The amendments in ASU 2017-04 modify the concept of impairment
from the condition that exists when the carrying amount of goodwill exceeds its implied fair value to the condition that exists
when the carrying amount of a reporting unit exceeds its fair value. An entity no longer will determine goodwill impairment by
calculating the implied fair value of goodwill by assigning the fair value of a reporting unit to all of its assets and liabilities
as if that reporting unit had been acquired in a business combination. Because these amendments eliminate Step 2 from the goodwill
impairment test, they should reduce the cost and complexity of evaluating goodwill for impairment. The amendments in ASU 2017-04
are effective for annual or any interim goodwill impairment tests in fiscal years beginning after December 15, 2019. Early adoption
is permitted for interim or annual goodwill impairment tests performed on testing dates after January 1, 2017.
ASU 2017-07
—In March
2017 the FASB issued ASU No. 2017-07,
Compensation—Retirement Benefits (Topic 715): Improving the Presentation of Net
Periodic Pension Cost and Net Periodic Postretirement Benefit Cost
(ASU 2017-07), which
is intended
to
improve the presentation of net periodic pension cost and net periodic postretirement benefit cost.
ASC
Topic
715,
Compensation—Retirement Benefits
(ASC 715)
,
does not prescribe where the amount of net benefit cost should
be presented in an employer’s income statement and does not require entities to disclose by line item the amount of net benefit
cost that is included in the income statement or capitalized in assets.
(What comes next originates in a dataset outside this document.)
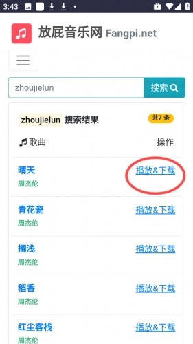 这里以周杰伦的“晴天”为例,支持播放或者。

The amendments in ASU 2017-07 require that an employer
report the service cost component of periodic benefit costs in the same line item or items as other compensation costs arising
from services rendered by the pertinent employees during the period. The other components of net benefit cost as defined in ASC
715 are required to be presented in the income statement separately from the service cost component and outside a subtotal of income
from operations. The amendments in ASU 2017-07 also allow only the service cost component to be eligible for capitalization when
applicable (for example, as a cost of internally manufactured inventory or a self-constructed asset). The amendments in ASU 2017-07
are effective for annual periods beginning after December 15, 2017, including interim periods within those annual periods. The
amendments will be applied retrospectively for the presentation of the service cost component and the other components of net periodic
pension cost and net periodic postretirement benefit cost in the income statement and prospectively, on and after the effective
date, for the capitalization of the service cost component of net periodic pension cost and net periodic postretirement benefit
in assets.
The majority of the Company’s benefit costs to which the
amendments in ASU 2017-07 apply are related to benefit plans in place at OTP, the Company’s regulated provider of electric
utility services. The amendments in ASU 2017-07 deviate significantly from current prescribed ratemaking and regulatory accounting
treatment of postretirement benefit costs, which require the capitalization of a portion of all the components of net periodic
benefit costs be included in rate base additions and provide for rate recovery of the non-capitalized portion of all of the components
of net periodic pension costs as recoverable operating expenses. The Company currently is assessing the impact adoption of the
amendments in ASU 2017-07 may have on its consolidated financial statements, financial position and results of operations and is
determining what adjustments and regulatory assets, if any, may need to be established in order to reflect the effect of the required
regulatory accounting treatment of the affected net periodic benefit costs. At a minimum, the Company anticipates the non-service
cost components of the affected net periodic benefit costs will be reported below the operating income line on its consolidated
income statements upon adoption of the amendments in ASU 2017-07. The Company does not plan to adopt the updates in ASU 2017-07
prior to the first quarter of 2018, the required effective period for application of the updates by the Company.
2. Segment Information
Segment Information
The accounting policies of the segments are described under
note 1 – Summary of Significant Accounting Policies. The Company's businesses have been classified into three segments
to
be consistent with its business strategy and the reporting and review process used by the Company’s chief operating decision
makers.
These businesses sell products and provide services to customers primarily in the United States. The Company’s
business structure currently includes the following three segments: Electric, Manufacturing and Plastics. The chart below indicates
the companies included in each segment.
Electric includes the production, transmission, distribution
and sale of electric energy in Minnesota, North Dakota and South Dakota by OTP. In addition, OTP is a participant in the Midcontinent
Independent System Operator, Inc. (MISO) markets. OTP’s operations have been the Company’s primary business since 1907.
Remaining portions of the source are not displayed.